Content starts

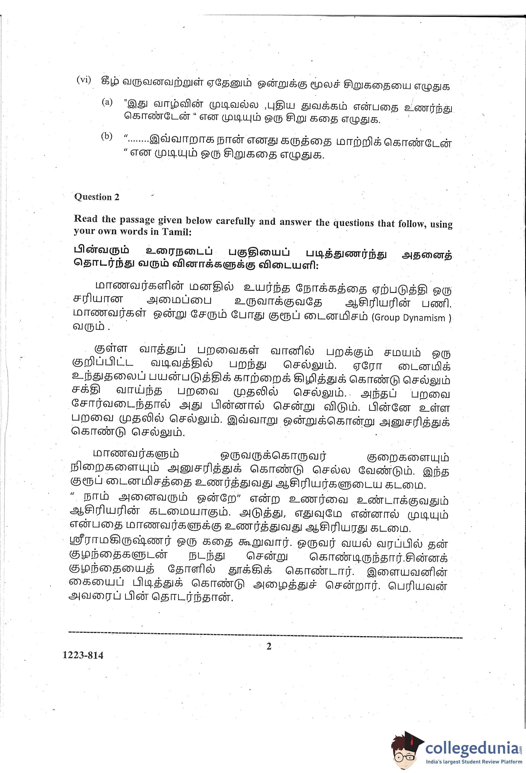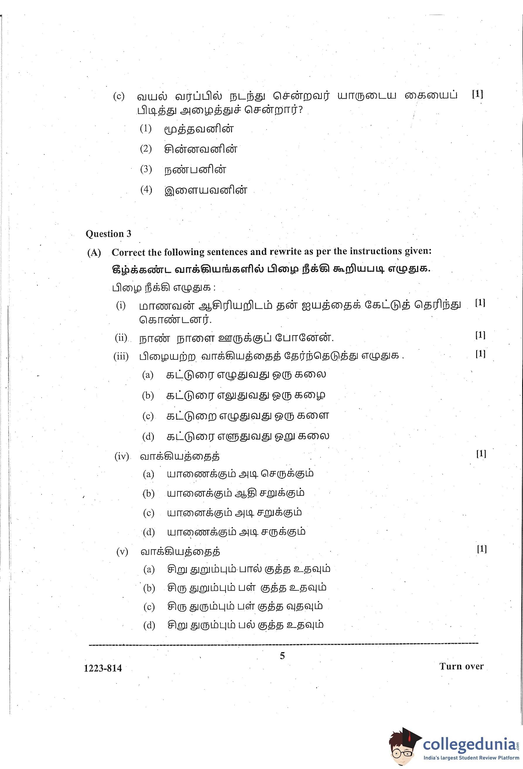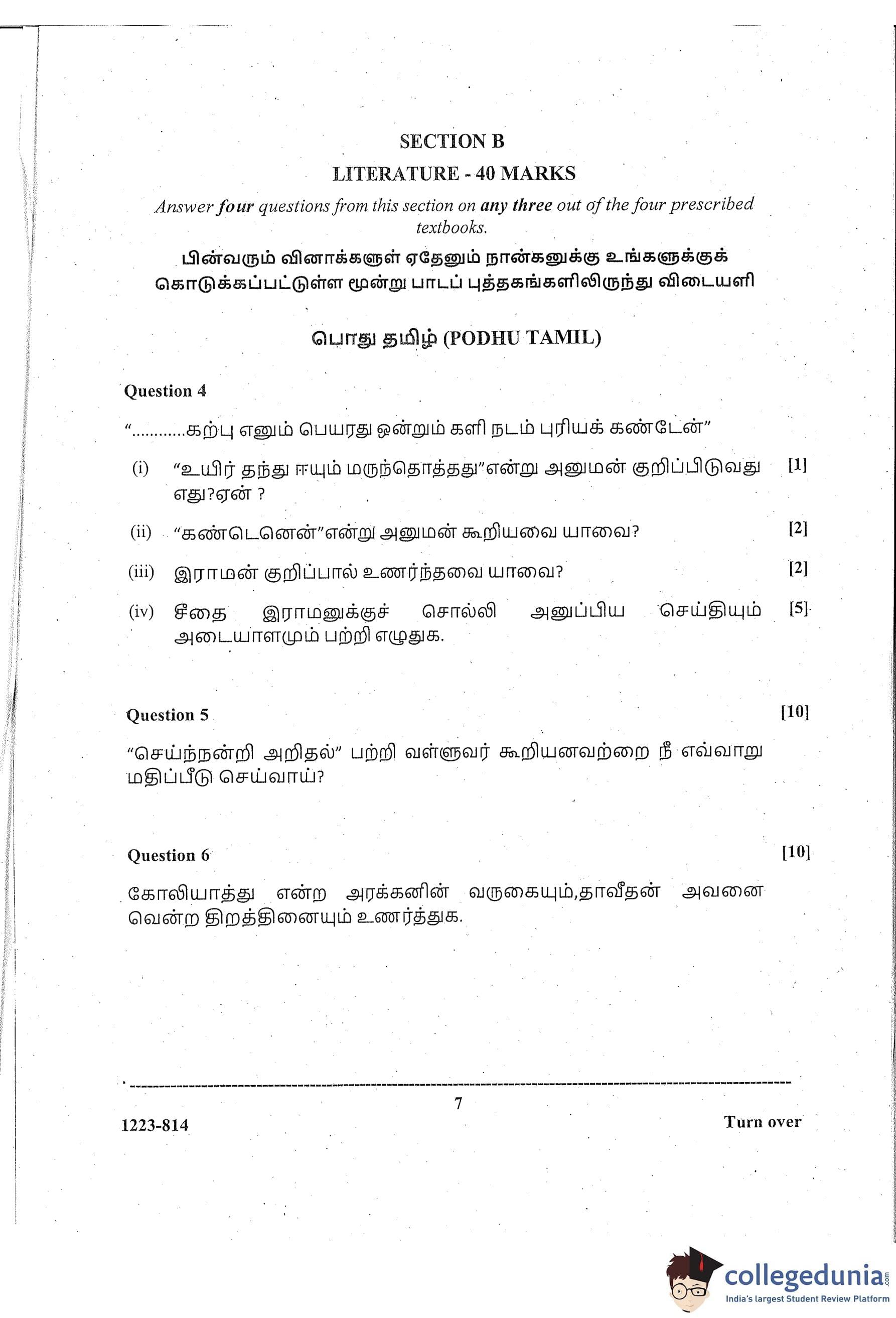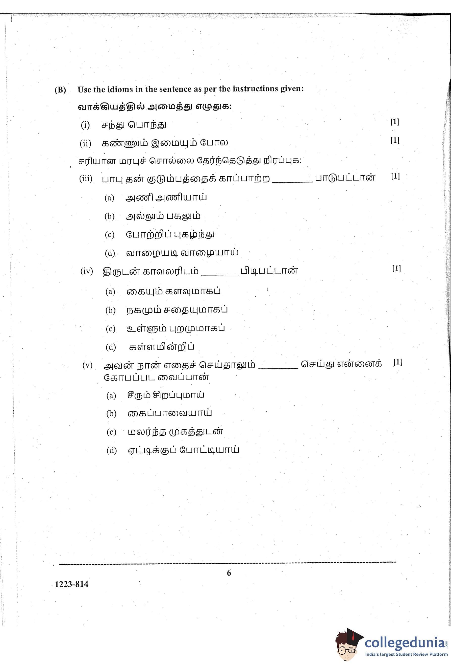 ISC Class 12 Tamil Question Paper 2023 with Answer Key
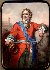 The portrait is framed with a thin gold line. Two parallel gold lines wrap around the box's sides.
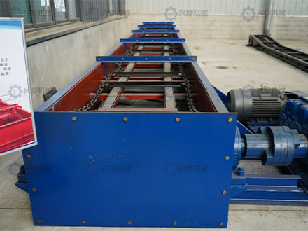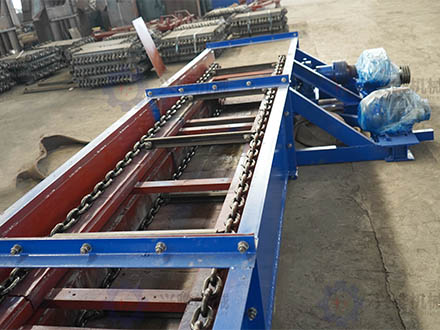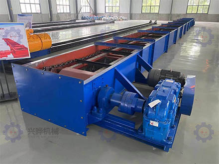 结构简单,头尾链轮通过环链链条,连接刮板进行物料输送工作,运输的方式可单层可双层,安装维修方便,链条以及刮板可随时进行更换,设备在运行过程中可多点进料及出料。
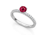 Anillo de Compromiso "Serenity Ruby" con Rubí Natural Redondo de 6mm y Diseño Clásico de 4 puntas Ancho de 2.0MM en Oro de 14K con 0.25 quilates de diamantes en el pavé. El precio ya incluye el Rubí Natural, la montura y la caja para entrega. Disponible en oro rosa, blanco, amarillo y platino.
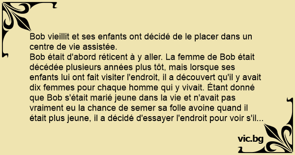 Bob était d'abord réticent à y aller. La femme de Bob était décédée plusieurs années plus tôt, mais lorsque ses enfants lui ont fait visiter l'endroit, il a découvert qu'il y avait dix femmes pour chaque homme qui y vivait. Étant donné que Bob s'était marié jeune dans la vie et n'avait pas vraiment eu la chance de semer sa folle avoine quand il était plus jeune, il a décidé d'essayer l'endroit pour voir s'il pouvait rattraper quelques moments amusants avec les dames là-bas.
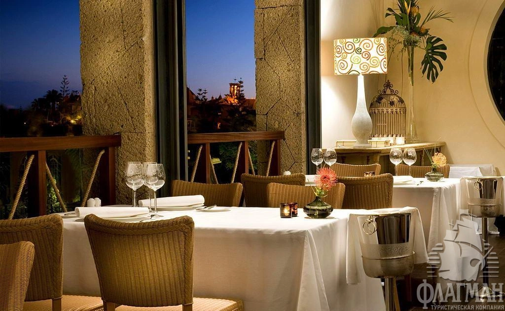 - 8 ресторанов (El Bernegal – международная кухня, открыт на завтрак и ужин, в вечернее время можно насладиться представлением show cooking; a la carte Las Aguas на территории Villas – эксклюзивный ресторан с тщательно продуманным интерьером; a la carte La Brasserie – французская кухня, дегустация аперитивов, закусок, обеды и ужины; a la carte La Trattoria – уголок Италии с теплой и веселой атмосферой; a la carte Beach Club – средиземноморская кухня, большой выбор морепродуктов, всегда свежая рыба; a la carte La Tasca – большой выбор испанских блюд, каждый вечер живая испанская музыка; a la carte La Hacienda – кухня трех континентов)
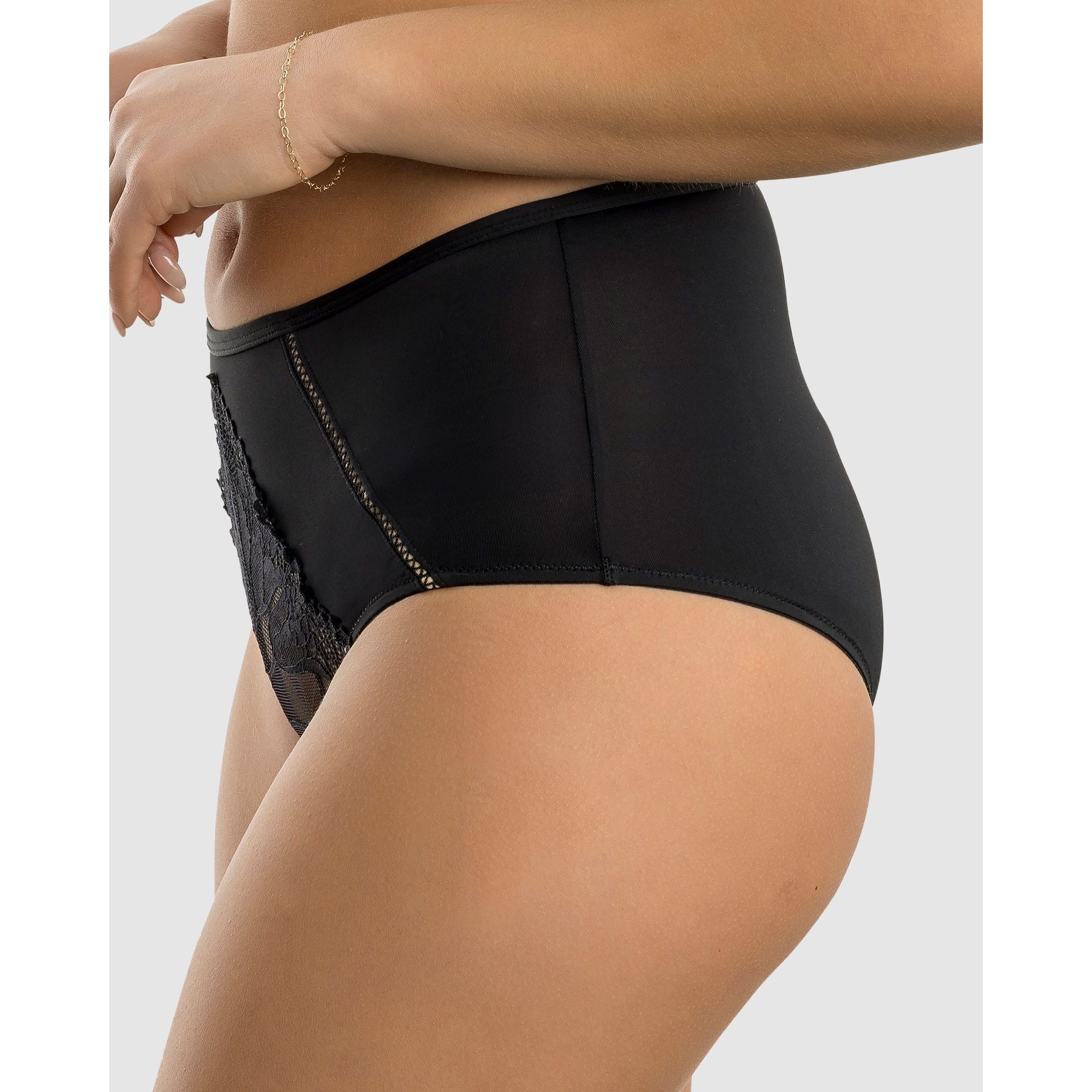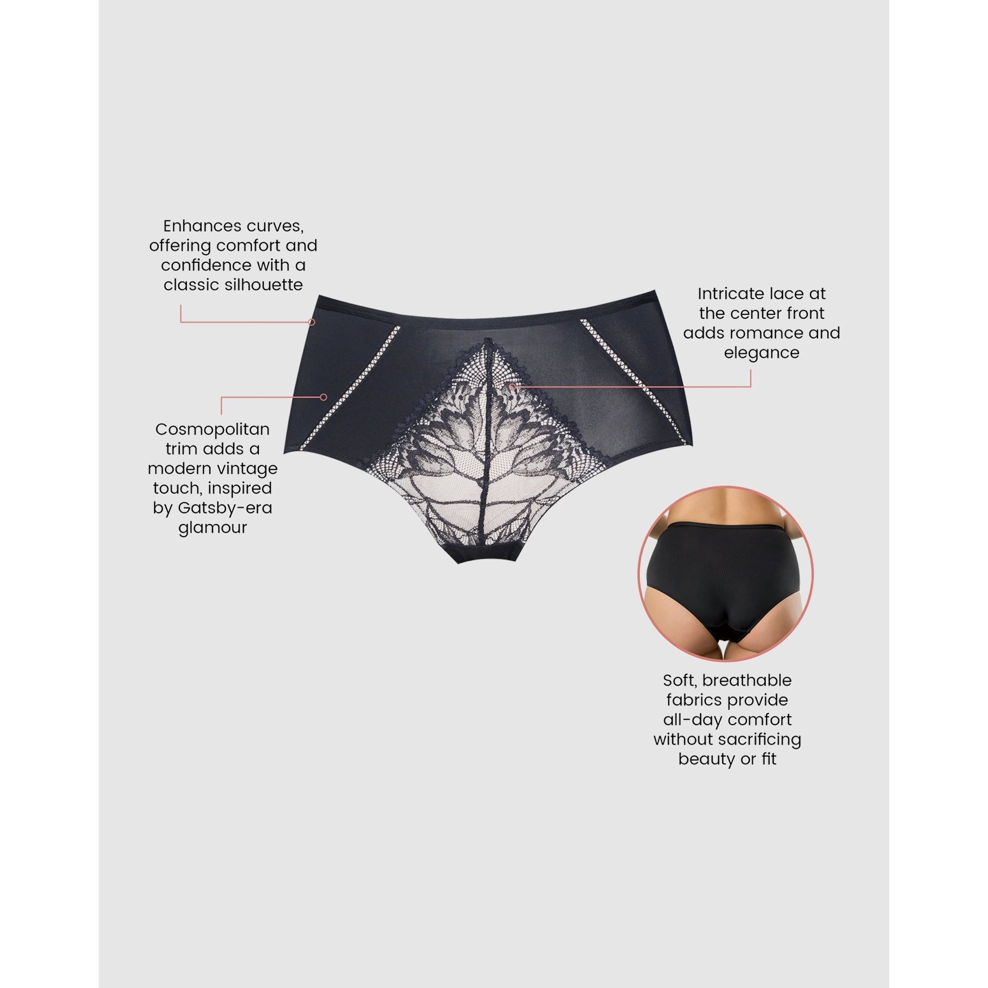Timeless vintage charm meets modern comfort and style with this high waist brief that's crafted from soft, breathable fabric plus a panel of romantic tulip-motif lace at the front. The high waistline offers a smoothing fit under clothes, and it's finished with Art Deco-inspired trims that are angled to enhance your curves.
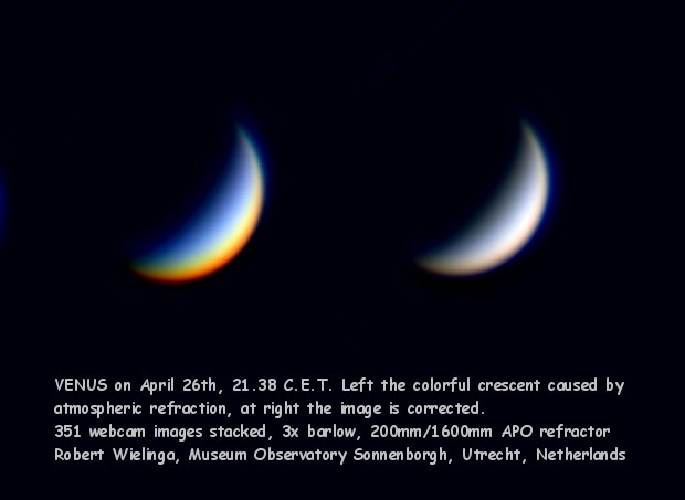 Robert Wielinga 200/1600mm refractor 351 webcam images stacked [Left: colours caused by atmospheric refraction; Right: corrected] April 26, 2004, 19:38 UT Utrecht, The Netherlands |

Content ends

From the line containing "Timeless vintage charm" down to the final line of the records above, restate every line word for word, add nothing, and skip the pictures.

:: RESULT ::
Timeless vintage charm meets modern comfort and style with this high waist brief that's crafted from soft, breathable fabric plus a panel of romantic tulip-motif lace at the front. The high waistline offers a smoothing fit under clothes, and it's finished with Art Deco-inspired trims that are angled to enhance your curves.
 Robert Wielinga 200/1600mm refractor 351 webcam images stacked [Left: colours caused by atmospheric refraction; Right: corrected] April 26, 2004, 19:38 UT Utrecht, The Netherlands |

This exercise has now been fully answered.